10 minutes isn't really the drop of a hat. But why do you need your first confirmation in approximately the next 10 minutes so badly anyway, especially when it shows up in the mempool pretty much immediately? I paid around 20 cents on an approximately $200 transaction a couple weekends ago, it got verified after about 4 hours but I was expecting longer, it would have been fine. In the last 24 hours, 36,332 transactions were verified with at most 30 cents in fees. (https://bitcoinfees.earn.com/) The estimated time bounds for a transaction in that pool are 25 minutes to 14 hours.

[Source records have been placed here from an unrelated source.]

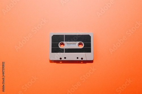 © padnob, Fototapeta premium Audio cassette tape isolated on orange background. Copy space
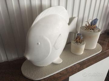 Pesce con 2 vasi in pietra levigata
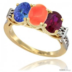 10k Yellow Gold 3-Stone Coral Rings -

Just knowing it's in your mempool isn't a very strong guarantee that the payment will go through. Probably fine for reversible digital goods, but not much else. Some systems pay miners to look at their block templates to get a better assurance it will confirm (and that it won't be replaced), but it's still not very good, and given that Lightning is now running on mainnet there's little value in continuing in that direction.
We've mostly had this for years, in the form of PayPal. Your ID even is your email.

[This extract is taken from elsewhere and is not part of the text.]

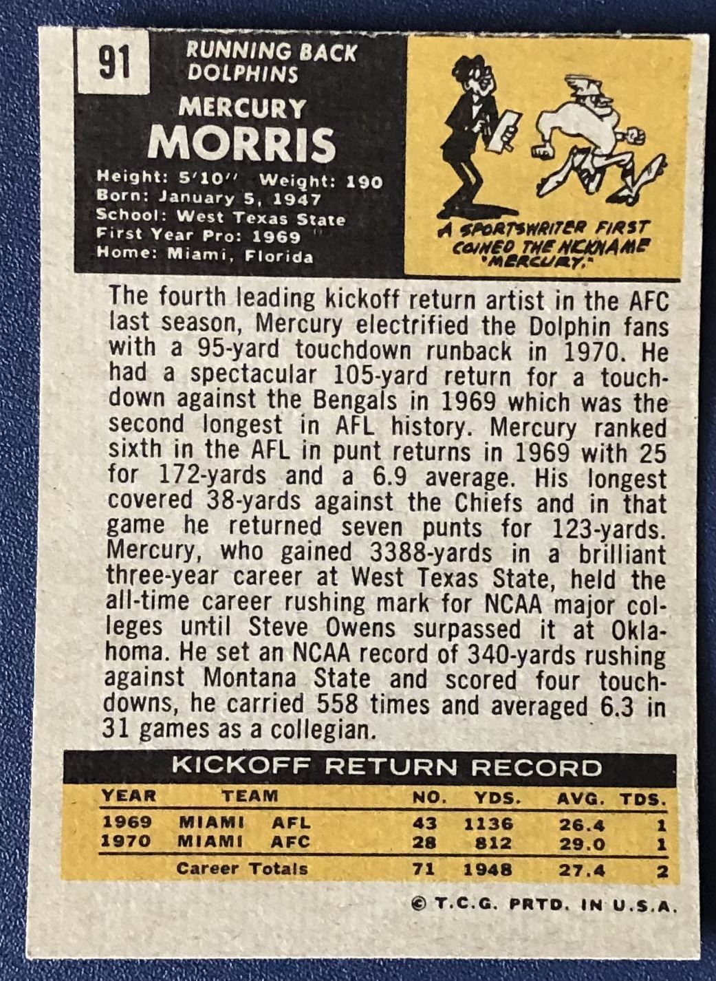 Lot 517 1971 TOPPS MERCURY MORRIS ROOKIE CARD

The issues with PayPal have mostly been interfacing with fiat currency, which any system will have to deal with, and transaction fees, which any system will have.

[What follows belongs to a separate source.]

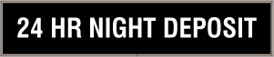 This PHX Series 24 HR NIGHT DEPOSIT outdoor, blankout sign is designed with high-intensity, LED reflected, backlit illumination and a block letter-style message face. The sign message illuminates when turned on and blanks out or extinguishes when off. PHX Series signs are guaranteed readable in direct sunlight.

The real problem IMO is the lack of a de-facto service that everyone all around the world has, and we're kind of in this position: https://xkcd.com/927/
Paypal doesn't work well across international boundaries. It's not convenient for IRC tipping. It's not internet money. And it's not my money, it's their money which they usually will give to me at their pleasure.
Having family and friends in different countries who use different currencies, let me tell you, Paypal is not the solution I want.
I avoid using PayPal internationally because they make it hard for me to pay in foreign currency denominations (they "helpfully" insist on being my exchange) but I have used it, it was no "worse" really than paying domestically. What makes them bad for you for international?
I argue it's not convenient for IRC tipping simply because 1) software is not well-integrated for minimal clicks 2) the other person might not have PayPal.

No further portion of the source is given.